Extracted records
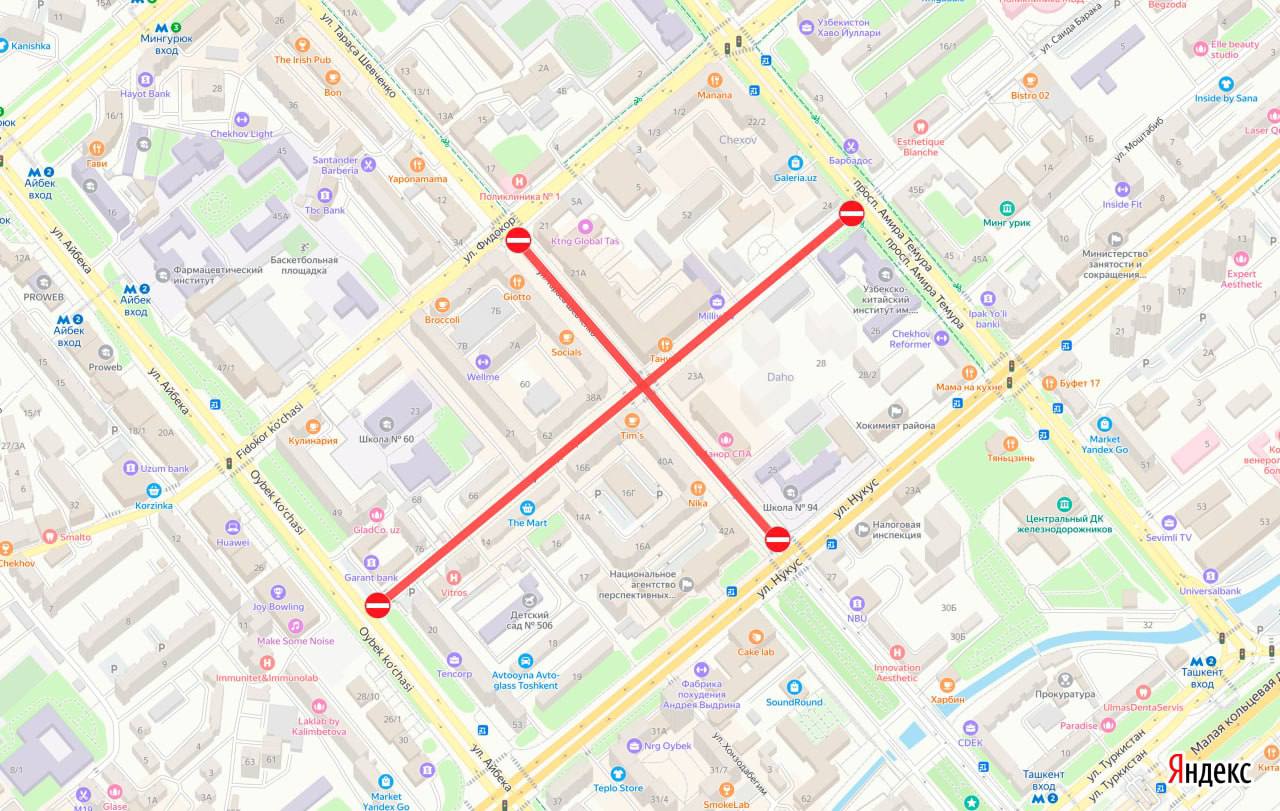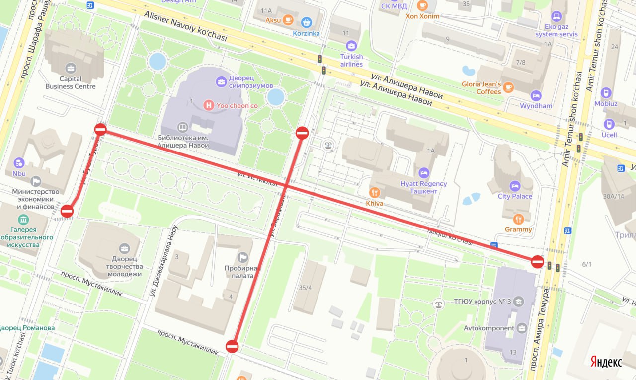 Янги йил байрами тадбирларига тайёргарлик кўриш ва уни юқори савияда ўтказиш, шунингдек, байрам тадбирлари вақтида аҳоли хавфсизлигини таъминлаш ҳамда жамоат тартибини сақлаш мақсадида пойтахтнинг қуйидаги ҳудудларида транспорт воситалари учун ҳаракат чекловлари ўрнатилади:
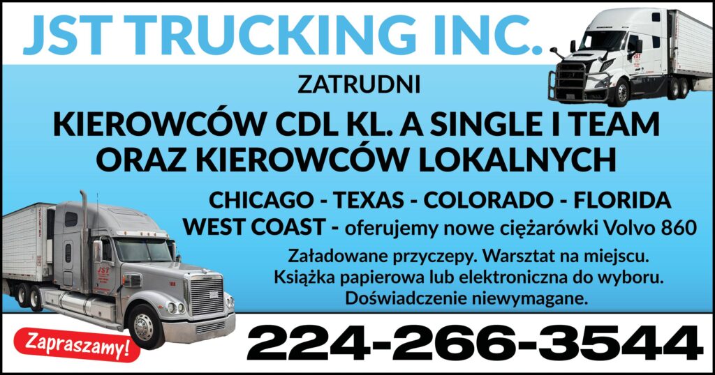 JST TRUCKING ZATRUDNI: KIEROWCÓW CDL KL. A SINGLE I TEAM ORAZ KIEROWCÓW LOKALNYCH CHICAGO - TEXAS - COLORADO - FLORIDA WEST COAST- oferujemy nowe ciężarówki Volvo 860 Załadowane przyczepy. Warsztat na miejscu. Książka papierowa lub elektroniczna do wyboru. Doświadczenie niewymagane. Z […]
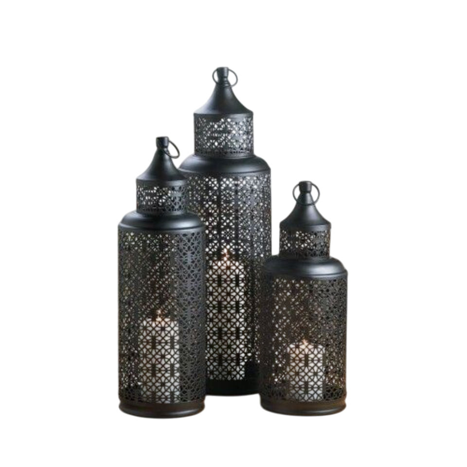 โคมไฟโลหะเหล็กห้อยทำมือเป็นมิตรต่อสิ่งแวดล้อมสไตล์โมร็อกโกที่วางเทียนตกแต่งบ้านสไตล์โมร็อกโก
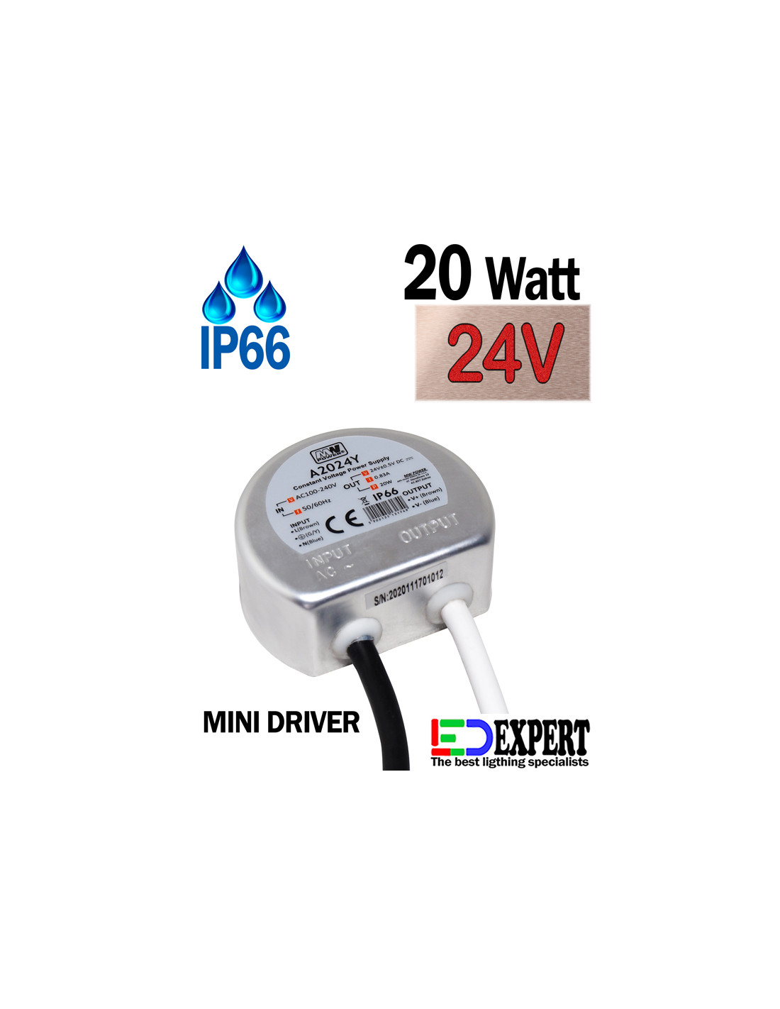 A2024Y - 24V - 20W MINI WATERPROOF LED DRIVER POWER SUPPLY - IP66
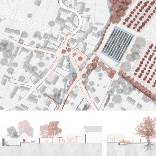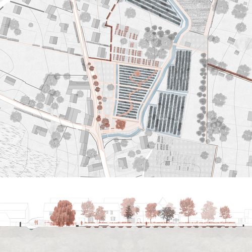 Cette notion d'archipel a été définie tout au long de ce projet avec pour appui le concept des lisières comme outil pour le projet. Afin de développer cette réflexion à toutes les échelles, ce projet a ensuite été développé plus précisément sur la commune de D'Huison-Longueville, devenue le support de l'application du principe des lisières. La question de l'accès à la bande rivulaire, liant les communes de l'archipel, a ainsi été posée, en proposant la création de portes d'entrées ouvrant l'espace public sur cette bande en développant trois lieux, publics : la place de la mairie, le jardin du cresson et la place du lavoir.
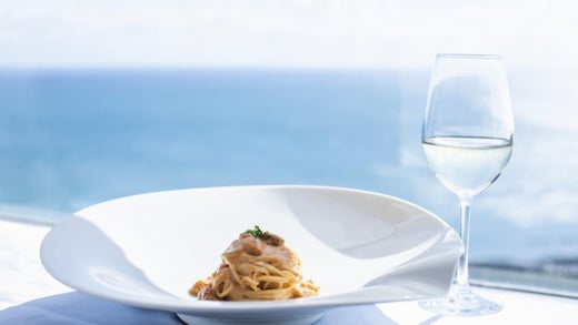 在能看见海的咖啡馆吃午餐
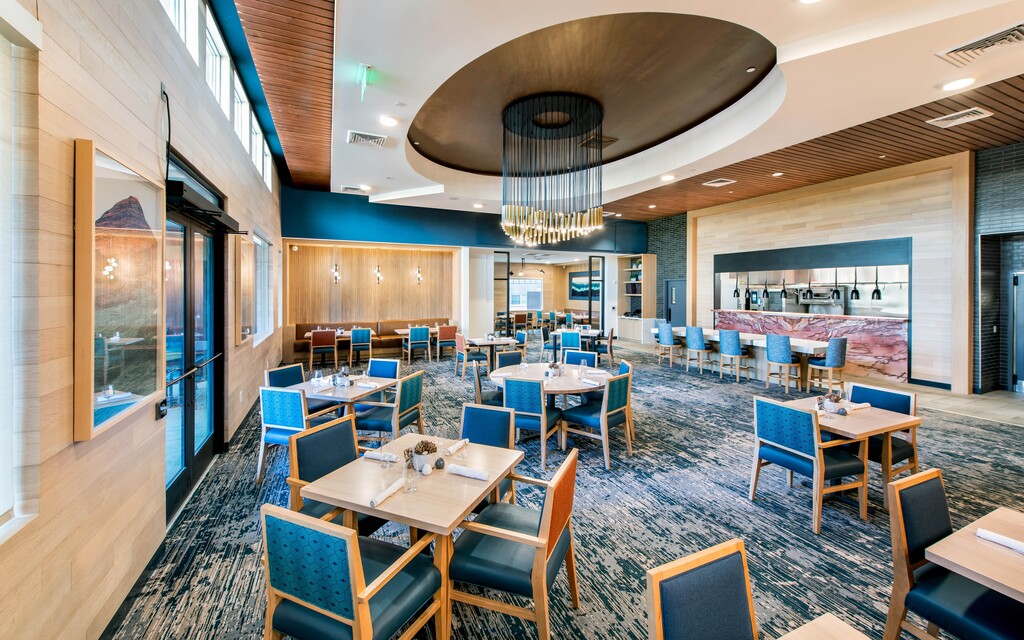 DON’T RETIRE, REVEL At Revel, you’re more than just a resident; you’re a member of a thriving independent living community that feels more like a retreat than retirement. Your resident membership includes everything you need to live life on your own terms in this empowering community, including your apartment home, amenities, dining, programming and events, Travel Club access, 24-hour concierge, weekly housekeeping and more. REVEL LIVING Research has proven that your aging journey is mostly determined by your lifestyle. That’s why we’ve created Revel Living, a lifestyle culture based on the four pillars of wellness, that, together, keep you connected, engaged and curious. Whether you are interested in a book club, woodworking, yoga, learning a new language, exploring botanical gardens or even teaching a class, at Revel, you will have the opportunity to pursue your interests and passions to get all the life out of your years. PERSONALIZED SERVICES & AMENITIES It’s your life and you deserve to revel in it. That’s why our wellness services and community amenities are designed to fit your personal style. Rejuvenate with a personalized treatment in our spa or full-service salon. Get fit in our state-of-the-art fitness center dedicated to cardio, strength training and group fitness classes that optimize your health. Catch the latest movie in our theater. Practice arts and crafts in our creative studio. Or just relax in the heated saltwater pool and spa. At Revel, you’ll also enjoy resort-style services including a 24-hour concierge, housekeeping, maintenance and complimentary transportation. RESTAURANT DINING We’ve created culinary experiences that are sure to delight with seasonal menus cooked to order and exceptional service. Our flexible dining options allow you to choose when and where you want to eat, whether that’s in your home, one of our restaurants, or our outdoor dining area. Enjoy a made-from-scratch meal at Ovation, our modern-American restaurant, or grab a signature cocktail and a pub classic with a twist in The Social Club, our spirited pub. COMFORTABLE LIVING Your home is where you relax and unwind. It’s where you host memorable celebrations, friendly gatherings and quiet nights in. It’s your place to make your own. That’s why the apartment homes at Revel include stylish details like modern plank flooring and oversized windows, and everyday conveniences like gourmet kitchens and washers and dryers. We invite you to experience a new brand of independent living and see why Revel is worthy of being called home.
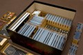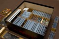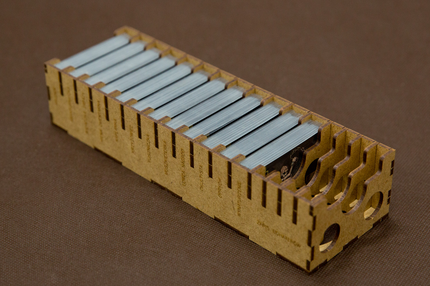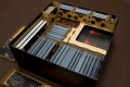 - w pudełku po podstawce wkładamy 3 tacki z figurkami oraz notes pod jedną z tacek - pudełko nie domyka się około 12 mm,
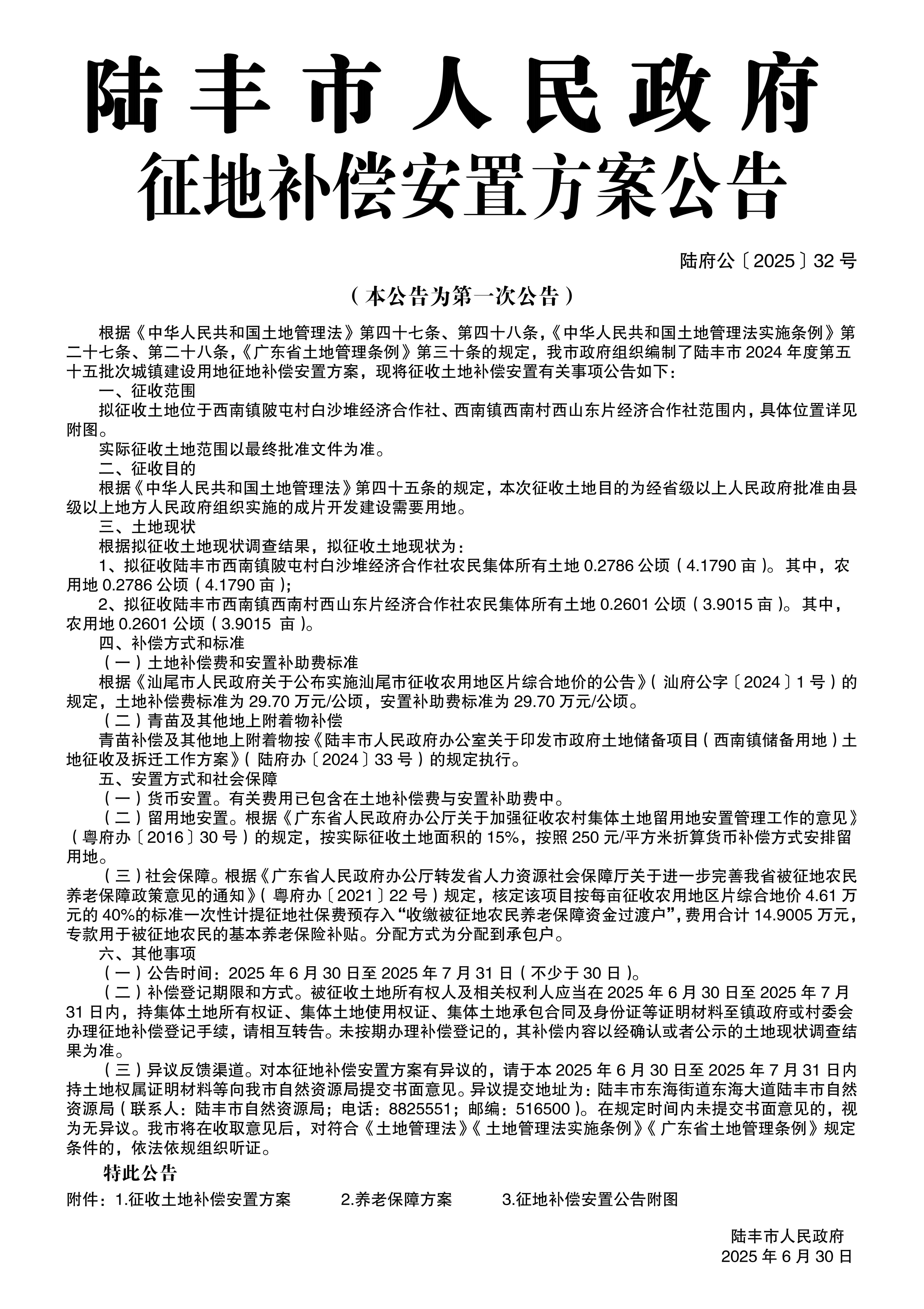陸豐市人民政府土地補償安置方案公告(陸府公〔2025〕32號)

Work instructions: What belongs in the answer is each line above from the line with "โคมไฟโลหะเหล็ก" to the line with "A2024Y - 24V", inclusive, reproduced exactly and free of pictures.

Expected output:
 โคมไฟโลหะเหล็กห้อยทำมือเป็นมิตรต่อสิ่งแวดล้อมสไตล์โมร็อกโกที่วางเทียนตกแต่งบ้านสไตล์โมร็อกโก
 A2024Y - 24V - 20W MINI WATERPROOF LED DRIVER POWER SUPPLY - IP66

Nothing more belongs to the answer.